The Autoimmune Protocol Diet (AIP) has gained immense popularity for its potential to mitigate the symptoms of autoimmune diseases and promote overall well-being. This approach to nutrition focuses on healing the body from the inside out by eliminating hidden food triggers. In this comprehensive guide, we will go over what the AIP diet is, the benefits, and the phases that make up the AIP diet.
What is the Autoimmune Protocol Diet?
The Autoimmune Protocol Diet, often abbreviated as AIP, is an elimination diet and lifestyle approach designed to reduce inflammation, balance the immune system, and promote symptom management and healing for individuals suffering from autoimmune diseases. Autoimmune diseases occur when the immune system mistakenly attacks and damages healthy body tissues. The AIP diet aims to identify and remove foods that might trigger these autoimmune responses, allowing the body to heal and recover naturally. The diet starts with elimination phases that last anywhere from 30 days to three months. Followed by a four-stage reintroduction period. Which aids in healing the gut and revealing hidden food sensitivities.

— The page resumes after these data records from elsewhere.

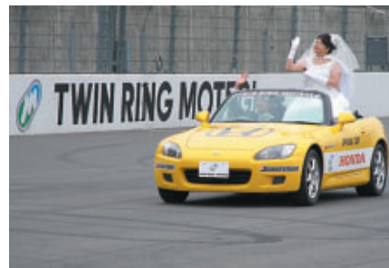
スーパースピードウェイをパレード
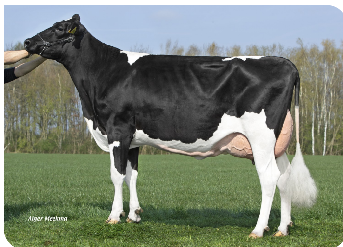
Grashoek Venetie 17 (p. Bisor)

Prop.: Fok- en melkveebedrijf K.I. Samen B.V., Grashoek (NL)
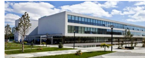
19. SAHA İNŞAAT TAAHHÜT TİC. LTD. ŞTİ (2009) YILDIZ TEKNİK ÜNİVERSİTESİ DAVUTPAŞA KAMPÜSÜ EĞİTİM VE HİZMET BİNALARI
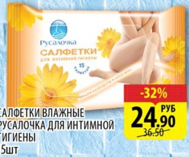
САЛОТКИ ВЛАЖНЫЕ РУСАЛОЧКА ДЛЯ ИНТИМНОЙ ГИГИЕНЫ 15шт в ассортименте
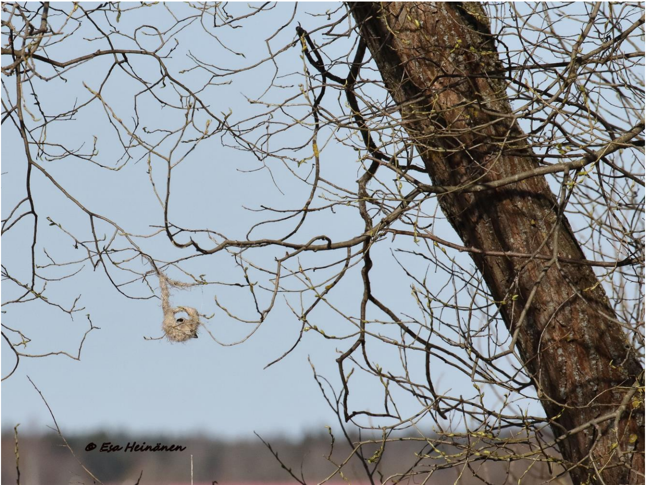
Pussitaiaskoiras rakentamassa pesää, siihen saattaakin upota viikon päivät.
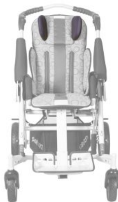
Soportes para la cabeza ( PAR) Tom5
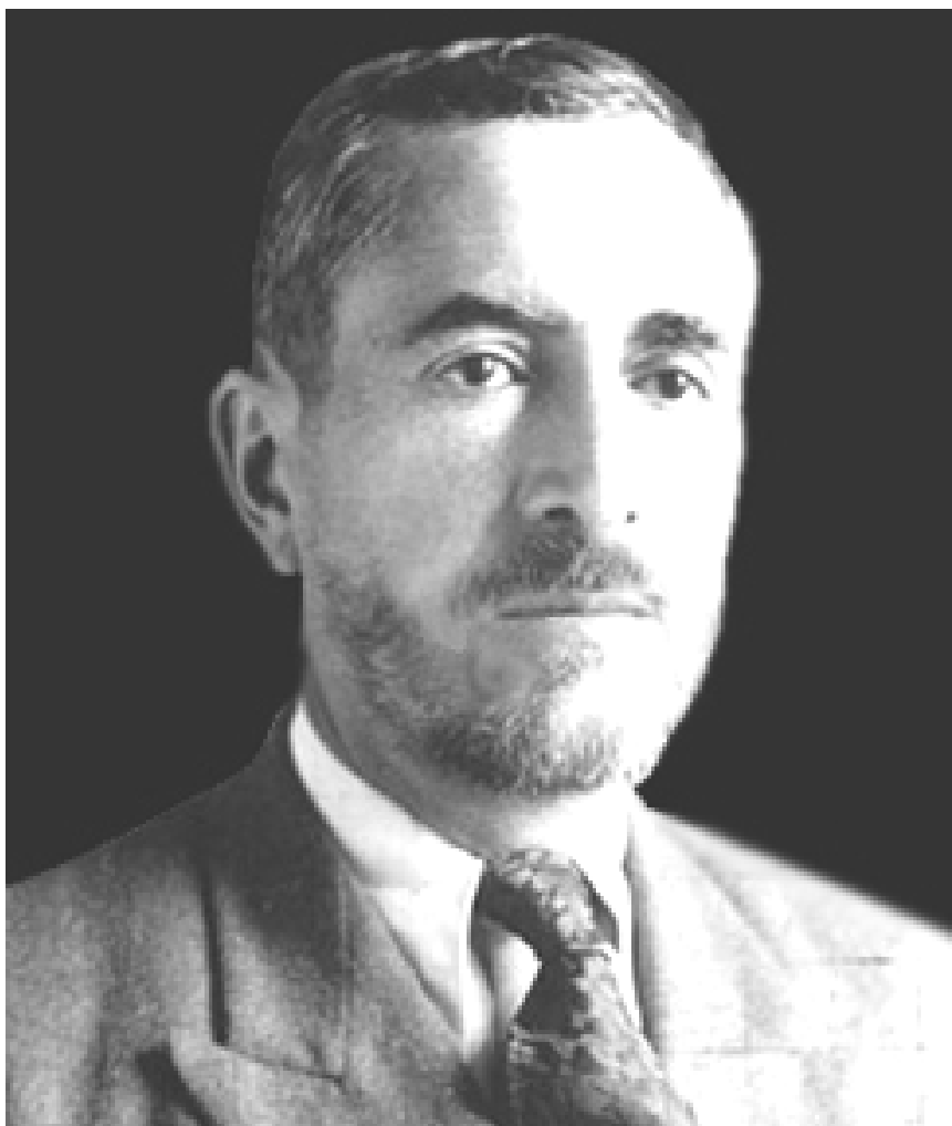
پیشہ‌وا قازی محمہد ۱۹۴۶
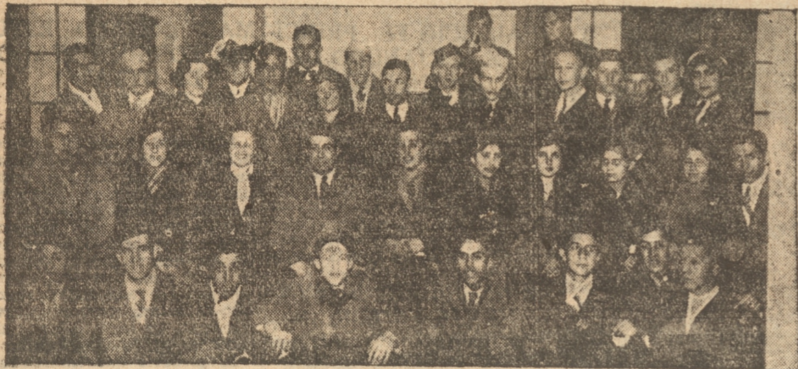
LOS ALUMNOS DEL INSTITUTO SUPERIOR DE COMERCIO EN SU VISITA A NUESTRO DIARIO

En el día de ayer estuvieron en Talcahuano.— Hoy se dirijirán a Penco y mañana a Lota.— El domingo seguirán su viaje al sur
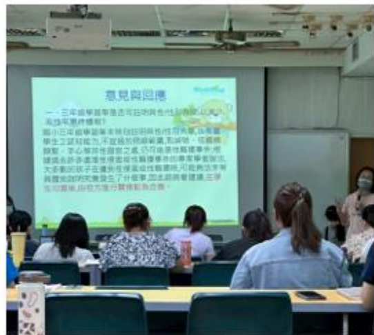
研習宣導事項，運用電子檔方式討論。
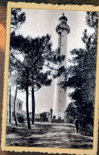
Phare en béton

Construction du phare actuel, en béton, à 1,8 km du rivage et allumé le 1 er octobre 1905.
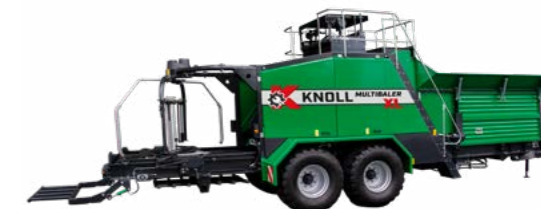
KNOLL MultiBaler XL
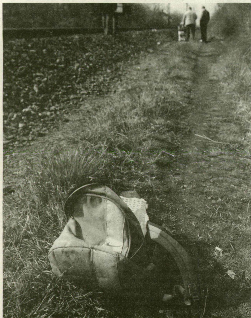
■ MÚLT HÉTEN EGY 18 ÉVES KÖZÉPISKOLÁS ÁLLT A VONAT ELÉ SZEGEDEN
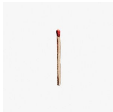
Минимализм в расцвете сил

Пока слухи шли рекой, в 2016 шестеро бравых всадников опять поехали в тур по летним фестивалям и опять без повода, который, как ни странно, по меркам постаревших Раммов оказался хорош благодаря работе со светом и вытаскиванием на публику одной новой и нескольких давно забытых песен . Однако, поехав с той же программой в 2017, умудрились слить её в толчок хуёвым голосом Тилля и общей унылостью других музыкантов вкупе с пивным животиком Солнцецкого. Попутно для работы над альбомом наняли абсолютно нового продюсера, сводившего лайв для трасх-группы Kreator, чем ввели всех в состояние ахуя. По новостям, в мае 2018 процесс непосредственно записи альбома был завершён, а в сентябре были записаны хоровые и оркестровые аранжировки, ВНЕЗАПНО, в Минске . 8 февраля 2019 случился эпичный вброс трека с расово верным названием Hare Krishna. Все бы ничего, да только трек принадлежал российской группе ATOW, а весь мир ожидал триумфального возвращения немцев, так как был пущен слух, что это именно их песня. Количество поисков глубинного смысла и хейта приняло такой оборот, что хватило до выхода настоящего сингла, получивший патриотичное название «Deutschland». Сам же альбом, который не мудрствуя лукаво назвали Rammstein , вышел 17 мая 2019 года.

The AIP diet is ideal for people with Autoimmune diseases, leaky gut, chronic illness, people who are predisposed, and anyone who has exhibited symptoms and wants to take preventive measures. Prevention is the best medicine making the AIP diet a great place to start.
The AIP journey will look different for everyone because we are all different. My food sensitivities will be different from yours. In the same way, my introductory phases could take longer than yours. This diet kind of revolves around the idea of bio-individuality. Which is the idea that genetics, blood type, and stress levels, determine what you should eat and how you should exercise.
The diet can be intimidating to those who are unfamiliar due to how restrive it is but I can without a doubt tell you it was worth every minute of being on it. It jump started my gut healing journey, skyrocketed my energy & stamina, reduced symptoms, eliminated GI issues, and led me to look into more holistic treatments for my diseases. Let’s look into the benefits of the AIP diet.
Benefits of the Autoimmune Protocol Diet
- Reduced Inflammation: By eliminating inflammatory foods, AIP helps reduce inflammation, a common trigger for autoimmune diseases.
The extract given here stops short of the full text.